4AD, 2010
[9/10]

My first exposure to The National was “Abel,” found on a sampler of artists playing the 2006 Pitchfork Music Festival. At the time the buzzing guitar chords and thudding drumbeat seemed boring to me, but before I could skip to the next track on the sampler, Matt Berninger’s scream tore through my speakers: “Well my mind’s not right!/My mind’s not right!” A few listens later, the visceral power of that line continued to grip me: the energy, the honesty of it.

Later I would find that same compelling emotionality throughout Alligator, an album so subversively brilliant it went from lukewarm reviews upon release to placing on most best-of-the-decade lists five years later – and, more importantly, it earned the band an obsessively devoted following. The follow-up, 2007’s Boxer, breathed back the anguish and paranoia of Alligator, letting it simmer beneath layers of lush orchestration, while Berninger retreated into the lowest register of his smooth baritone. On High Violet, that bristling rawness that first excited me and many other fans has returned to the surface – not in screams, but in propulsive drums, ugly guitar strums, and soaring choruses.

One aspect of the band that has not changed is Berninger’s opaque lyrics – jumbled, nonlinear poetry grasping at truths you never knew were there. “It’s a terrible love/And I’m walking with spiders,” he moans as the album begins. This line, understood like the ridiculous imagery of our most meaningful dreams, says more than most bands get across in an album’s worth of lyrics: love is brittle and frightening and beautiful, obsessively all-consuming. The song is given true surreality by the orchestration: scuzzy guitars rumble against heavy piano hits and swirling world-is-ending drums.

The album continues this way, an exciting but deeply unsettling lucid dream. The National frame ordinary lives in extraordinary terms; they are mundane in their concerns but fantastic in their explanation. This world, where voices swallow souls, bodies are carried in swarms of bees, and lovers fear eating one another’s brains, is not so different from our own, if only we choose to admit it. But what grounds The National are those moments when the bizarre fades into the utterly human – on “Sorrow,” when Berninger breaks from a tale of milk and honey and girls in capes to declare, “I don’t wanna get over you,” and on “Conversation 16,” when he admits, amongst images of silver cities and silver girls, “You’d never believe the shitty thoughts I think.” This marriage between the real and surreal gives High Violet the stately beauty of a great novel: made up, but unmistakably true.
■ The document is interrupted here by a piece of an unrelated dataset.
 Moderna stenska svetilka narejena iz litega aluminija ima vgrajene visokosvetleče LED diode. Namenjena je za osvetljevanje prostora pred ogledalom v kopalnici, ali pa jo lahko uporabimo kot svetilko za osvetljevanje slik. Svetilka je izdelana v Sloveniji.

Sonically the album ebbs and flows, sometimes spacious (“Sorrow,” “Runaway”), sometimes claustrophobic (“Afraid of Everyone,” “Conversation 16”). Whatever the aesthetic choice, the arrangements are definitive: no instrumental flare or texture is superfluous, and though a mood of gloomy, hazy-eyed resilience permeates from beginning to end, no song even begins to sound like any other. True to the band’s style, the most pervasive emotions are self-doubt (“I wanna believe in everything you believe,”) guilt (“Cousins and cousins away overseas/But it’ll take a better war to kill a college man like me,”) and nervousness (“I still owe money/To the money/To the money I owe”). Berninger varies often the register in which he sings, giving the album a dynamic sound and lending greater power to those moments when he sinks into his lowest notes. The most marked shift from previous albums is a feeling of community; Berninger noted that since becoming a husband and a father, he feels less like an “I” and more like a “we.” Boxer often felt lonesome, but even High Violet’s loneliest, weightiest moments feel like shared sorrow.
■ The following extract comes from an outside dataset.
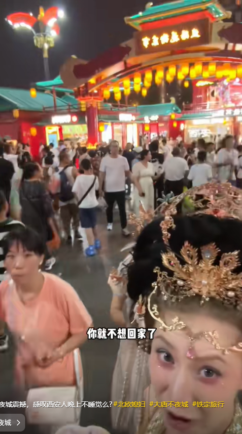 西安大唐不夜城,北欧媳妇现身说法:真的不建议在西安晚上出去,因为你一来就不想回家了。

From start to finish, this is a wrenchingly beautiful album. It combines the emotion of Alligator and lushness of Boxer and showcases newfound confidence and maturity. Time and again The National have proved they are a brilliant rock band – cerebral but unpretentious, consistent but diverse, and cohesive in a breathtaking, once-in-a-lifetime sort of way. This album may well be a 10/10. But perfect albums are those that prove their worth listen after listen, year after year – so we’ll just have to wait and see.